Debtors point to the phrase “with respect to the debtor” in subsection (A) and argue that unless extended, the stay is terminated for actions against the debtor but not for actions against estate property (e.g. Debtors’ house). InBank takes a contrary view. It argues that the section is poorly drafted and ambiguous, but that the only logical construction is that the stay terminates entirely after 30 days. InBank also argues that Debtors’ interpretation renders the subsection of little practical value. Both sides have case law to back up their arguments. Debtors rely on a 2008 decision from the Tenth Circuit Bankruptcy Appellate Panel (“BAP”) that is on point and supports Debtor’s interpretation. In re Holcomb, 380 B.R. 813 (10th Cir. BAP 2008). InBank counters that Holcomb is not binding precedent and not as persuasive as the more current First Circuit Court of Appeals decision of In re Smith, 910 F.3d 576 (1st Cir. 2018). Finally, the Fifth Circuit recently weighed in on Holcomb’s side, creating a circuit split. Rose v. Select Portfolio Servicing, Inc., 945 F.3d 226 (5th Cir. 2019). B. Stare Decisis and BAP Decisions. The Court must first decide whether it is bound to follow Holcomb. The precedential effect of BAP decisions is not as clear as one might suppose. See, e.g., Precedential Effect of Bankruptcy Court, Bankruptcy Appellate Panel, or District Court Bankruptcy Case Decisions, 8 A.L.R. Fed. 2d 155, §§ 8–10; 8 Norton Bankr. L. & Prac. 3d § 170:17; March and Obregon, Are BAP Decisions

Binding on Any Court? 18 Cal. Bankr. J. 189, 191-93 (1990). In the only circuit opinion the Court found that addressed the issue, In re Silverman, 616 F.3d 1001 (9th Cir. 2010), the Ninth Circuit stated: We have never held that all bankruptcy courts in the circuit are bound by the BAP. See, e.g., Bank of Maui v.
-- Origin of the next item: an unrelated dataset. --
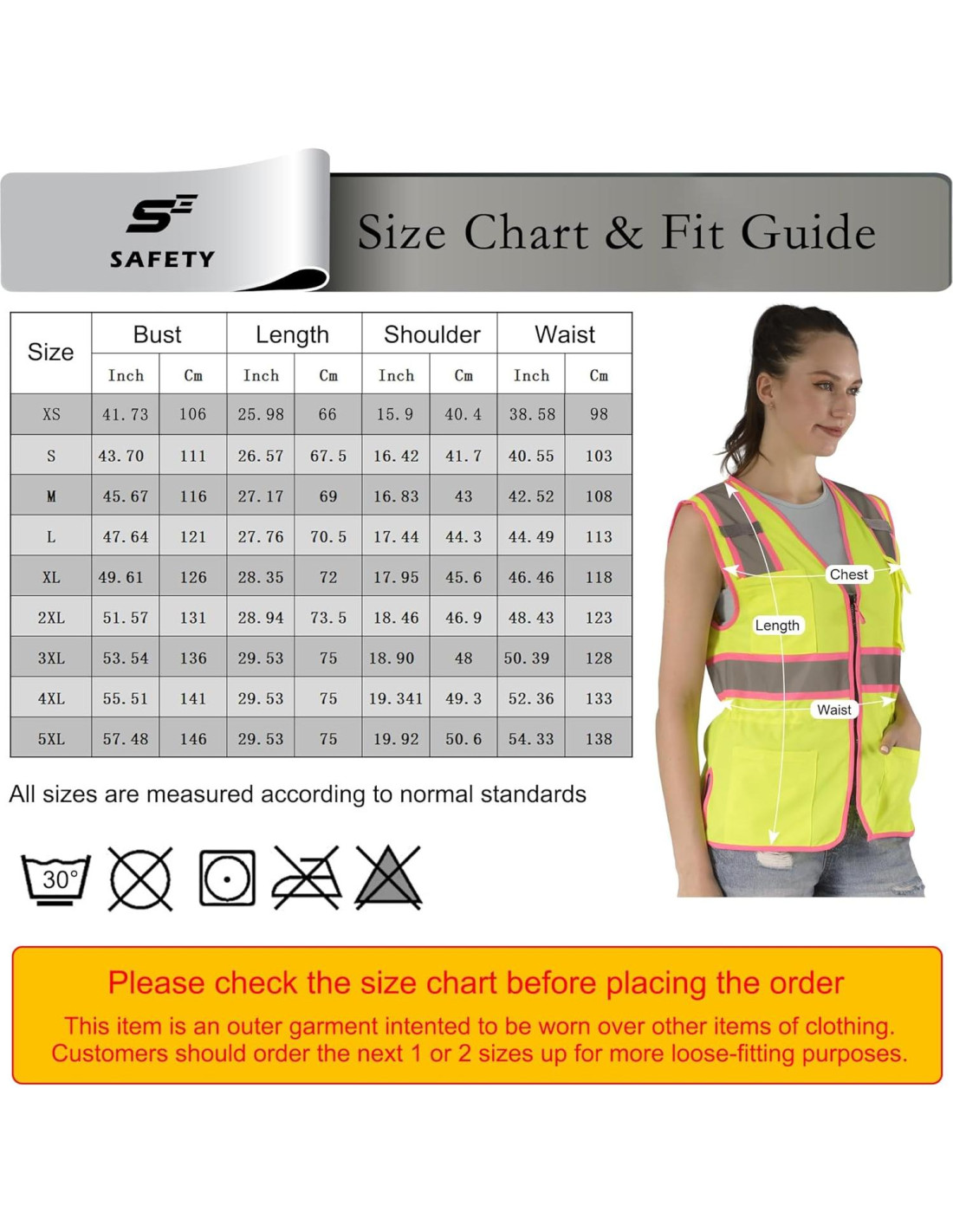 Chaleco de Seguridad de Alta Visibilidad para Mujeres, Chaleco de Construcción con Cintura Ajustable y Cremallera
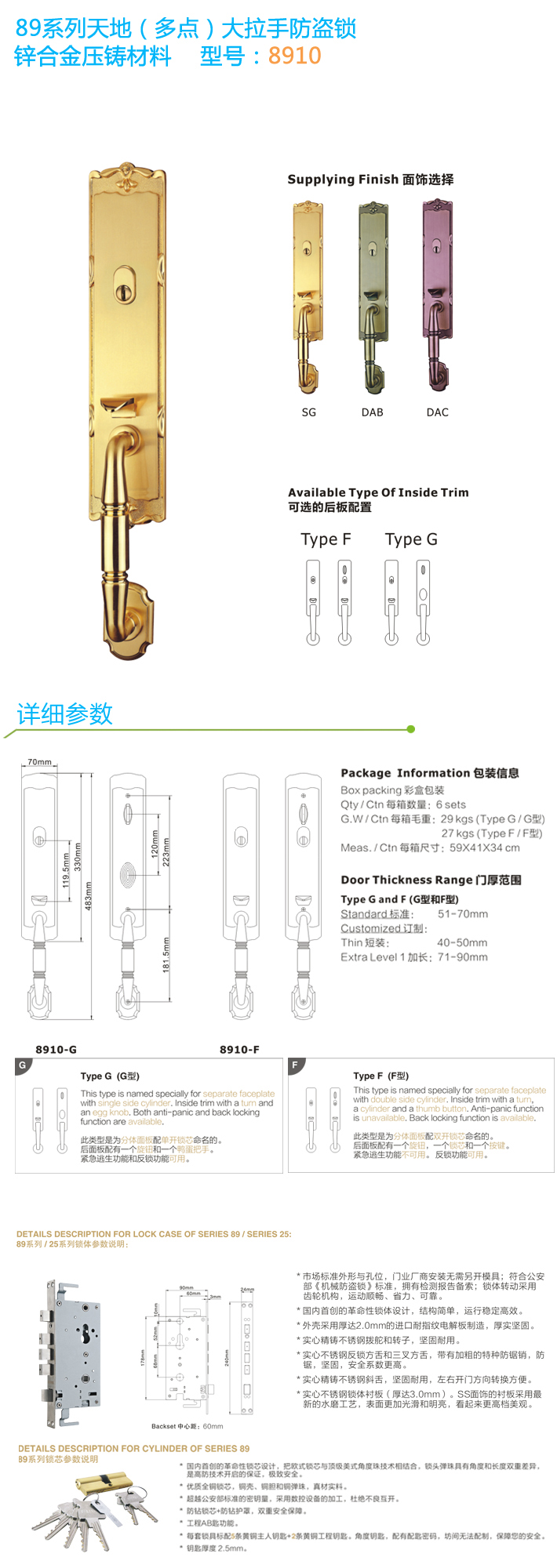 * 適用于各種安防盜門、金屬門和木門

Estate Analysis, Inc., 904 F.2d 470, 472 (9th Cir.1990). . . . Nevertheless, we treat the BAP’s decisions as persuasive authority given its special expertise in bankruptcy issues and to promote uniformity of bankruptcy law throughout the Ninth Circuit. See In re Rosson, 545 F.3d 764, 772 n. 10 (9th Cir.2008); Bank of Maui, 904 F.2d at 472 (O’Scannlain, J., specially concurring).

Id. at 1005, n.1. Similarly, most lower courts have ruled that BAP opinions do not have stare decisis effect. See, e.g., In re Carrozzella & Richardson, 255 B.R. 267, 271–73 (Bankr. D. Conn. 2000); In re Virdin, 279 B.R. 401, 409 n.12 (Bankr. D. Mass. 2002) (citing Carrozzella & Richardson); In re Williams, 257 B.R. 297, 301 n.5 (Bankr. W.D. Mo. 2001) (same); In re Livingston, 379 B.R. 711, 726–27 (Bankr. W.D. Mich. 2007), rev’d on other grounds, 422 B.R. 645 (W.D. Mich. 2009); In re Cormier, 382 B.R. 377, 408-09 (Bankr. W.D. Mich. 2008); In re Cox, 393 B.R. 681, 687 (Bankr. W.D. Mo. 2008); In re Rodriguez, 487 B.R. 275, 288 (Bankr. D.N.M. 2013); In re Junes, 76 B.R. 795, 797 (Bankr. D. Ore. 1987); see generally In re Wenzel, 415 B.R. 510, 516–17 (Bankr. D. Kan. 2009) (discussing but not deciding the issue).4 There are two problems with treating Holcomb as binding precedent. First, stare decisis is a policy, not a law, and there is no policy in the Tenth Circuit on the stare decisis effect of BAP decisions. In Livingston the bankruptcy court observed:

[T]he Supreme Court has made it equally clear that modern stare decisis is a judicial policy, not a law. Payne v.